Wie auf Burg Lichtenegg üblich, glänzen aber auch die weiteren Rollen mit ihren Auftritten und runden so das Bild des kompletten Stückes ab. Wenn Traudl, die Frau des Brandner Kaspars (Elisabeth Rauch) kurz vor ihrem Tod phantasiert, dann sind die Zuschauer gebannt, und es ist ganz ruhig auf den Rängen. Die Sympathien gehören auf der anderen Seite klar dem jungen Paar der Brandner-Enkelin Marerl (Kathrin Martin) und dem dieses Jahr erstmals in der Rolle des Stoiber Gustls spielenden Felix Riedl – und dass Eva-Maria Bablick einmal mehr die ausdrucks- sowie willensstarke und verschlagene Frau in der Rolle der Bürgermeisters-Tochter Kathie gibt, versteht sich auf Burg Lichtenegg schon fast von selbst.

Doch es wäre ja keine Reitmeier-LiBu-Produktion, wenn nicht auch von der kleinsten Rolle so ziemlich alles verlangt würde. So werden aus den Dorfbewohnern im Handumdrehen (wobei der Bühnen-Umbau die volle 20-minütige Pause in Anspruch nimmt) Engel im Himmel der Bayern. Hier wacht der Erzengel Zeremonienmeister (Matthias Schulte) über das Geschehen, und hat mit seiner dann doch etwas weibisch-extrovertierten Art die Lacher auf seiner Seite.

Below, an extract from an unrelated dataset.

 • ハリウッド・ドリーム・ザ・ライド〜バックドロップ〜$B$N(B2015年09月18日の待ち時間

Premiere auf Burg Lichtenegg

Es wäre aber auch kein Stück auf Burg Lichtenegg, wenn das Ensemble nicht nur auf, sondern auch mit der Bühne wieder wahre Wunder vollbracht hätte. Auf den ersten Blick eher schlicht, zeigt der zweite Blick, dass auf wenig Fläche wieder einmal sehr viel erreicht wurde. Das verschiebbare Brandner-Haus lässt sich schnell zum Wirtshaus umbauen, und geteilt gibt das Haus schnell einfach nur ein Zimmer ab. Als besondere Finesse wird die Fahrt des Boindlkramers mit dem Brandner Kaspar auf den Bühnen-Vorhang projiziert. Die Szene wurde vergangenes Jahr von Videotechniker Bruno Hartl aus Miltach und Trickfilm-Animateur Christian Obergberger gedreht – eine bis dato nicht gekannte Technik auf der Waldbühne.

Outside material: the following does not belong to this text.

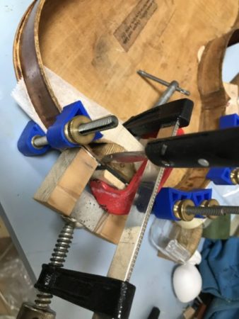 駒が万が一倒れた場合に楽器にキズが付くのを防ぐためにカバーを行います。薄い布やティッシュ、梱包材(プチプチ)などを巻き付けてください。固定するためにマスキングテープやセロハンテープを使用しても大丈夫です。ガムテープやビニールテープを使用する場合は楽器本体に付着しないように注意してください。

Dass dann auch noch alle Licht- und Toneffekte perfekt sitzen, und die Musik wie selbstverständlich nicht vom Band, sondern von vier Musikern kommt, das alles sorgt dafür, dass der Theaterabend auf Burg Lichtenegg einmal mehr zu Erlebnis wird. Darum ließ auch Regisseur Johannes Reitmeier keinen Zweifel aufkommen, dass er mit der Truppe weiter arbeiten will: „Die meisten Ehen werden nach spätestens 25 Jahren geschieden“, sagte er bei der Premierenfeier. „Aber das haben wir ja schon überstanden – in 18 Jahren feiern wir schon die Goldene Hochzeit“.